New Army system gets a fix on gear
Soon, it will no longer take a yeoman effort for the Army to determine what property it owns
Soon, it will no longer take a yeoman effort for the Army to determine what property it owns, thanks to a new system that enables personnel to track the age and location of the gear the service has bought.
Typically, such data has not been readily available to Army officials, said Margo Sheridan, director of financial reporting for the Army's chief financial officer.
But the Defense Property Accountability System (DPAS) replaces scores of individual proprietary systems at individual locations across the service, said Ira Gebler, a project manager for PricewaterhouseCoopers, which was the system integrator for the initiative.

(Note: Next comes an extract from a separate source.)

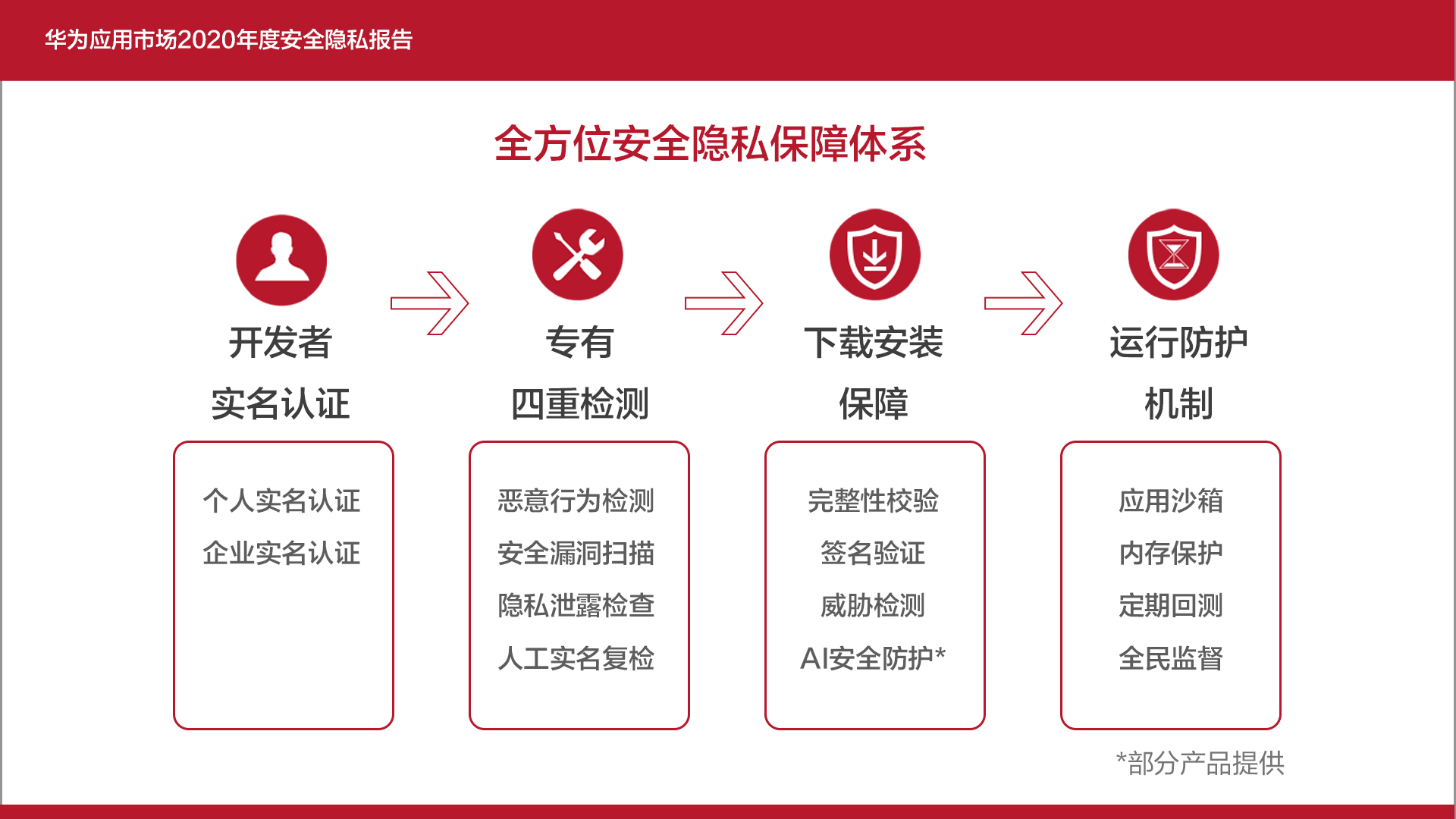 报告显示,华为应用市场“全方位安全隐私保障体系”贯穿应用上架、下载、安装、使用等全流程。其中,应用上架前开发者需实名认证,以保证应用问题可追溯。应用上架时,“专有四重检测机制”可对应用进行恶意行为、安全漏洞、隐私泄露、人工实名等检测,评估上架应用质量。

Property tracking systems enable managers to track who has what equipment, as well as its age and condition. But because of the huge amount of property the Army buys, such systems also play a significant role in enabling the service—and the overall Defense Department—to get auditable financial statements and management data and improve the military's dismal track record in financial management.

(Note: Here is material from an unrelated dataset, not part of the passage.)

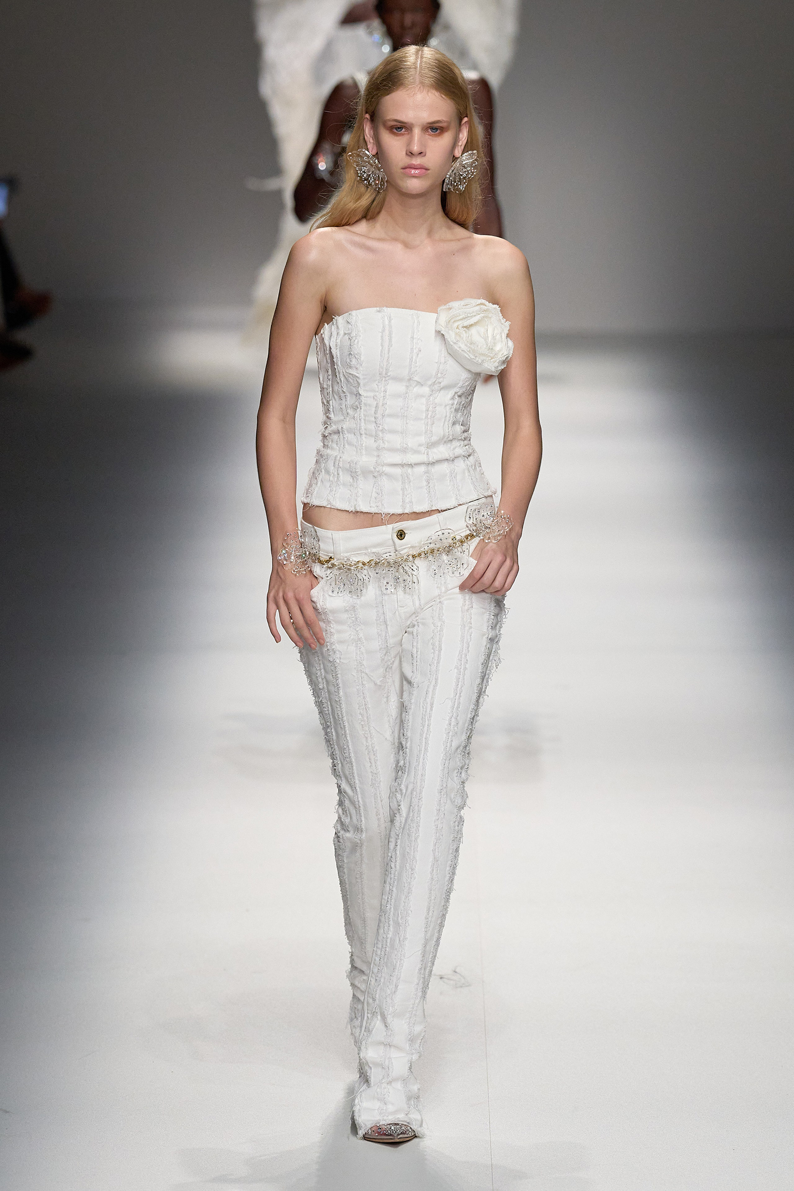 Blumarine’s show space today was an immaculate white box. Gone were the mounds of sand and blazing pyres of the Joan of Arc collection, or the dark underworld where livid mermaids were circling around heaps of broken shells. Or the red Lamborghini smacked in the middle of a catwalk surrounded by sashaying skimpy pink Barbies that were “resurrected from their dusty boxes,” as Nicola Brognano put it. Had Blumarine mutated its genes and gone minimal? “No,” was his answer. “I just felt it was time for more light, more lightness, more butterflies.”

The lack of effective systems to manage property has created embarrassing moments for other agencies, such as the FBI and the Immigration and Naturalization Service. Those agencies found that they lacked adequate systems to track items such as guns and laptop computers.
DPAS is designed to prevent those scenarios. Under the system, most of the Army's old data was converted from its Standard Property Book System- Redesign, which had been in existence since the early 1980s. That data was maintained on numerous files on the hard drives of individual PCs, Gebler said.
Some Army stations were even maintaining their property records in Microsoft Corp. Word files and didn't have a database to track the property. Others used DOS-based systems that made datasharing almost impossible.
The new system, which so far has been rolled out at 194 of the eventual 213 sites, will help the Army track and report on the 7.5 million items that it owns, representing $59 billion in assets, according to Sheridan.
All of the Army's property data is now stored on servers at the Defense Information Systems Agency in Dayton, Ohio. DPAS is a client/server application.
With the former system, there was typically an annual data call for everyone to report his or her property to the Army CFO's office—an excruciating and time-consuming process, said Hillard Haynes, DPAS action officer. "What we now [know] is where things are, how much they cost us and how old they are," Haynes said.
It isn't just acquisition costs, how.ever, that are tracked, Sheridan noted. The system also tracks property depreciation and replacement costs. "It's going to make the job of producing the Army's audit this year much easier," he said.A proper accounting
Objectives of the Defense Property Accountability System include:
* Physical and financial control over Army property.
* Integration of financial and property data.
* Regulatory financial and physical reporting of property as required by Defense Department financial management regulations and by the Chief Financial Officer Act.
* Eliminating redundant systems and costs.
* Interfacing with DOD accounting systems.
* Single point of entry.
* Asset visibility and redistribution.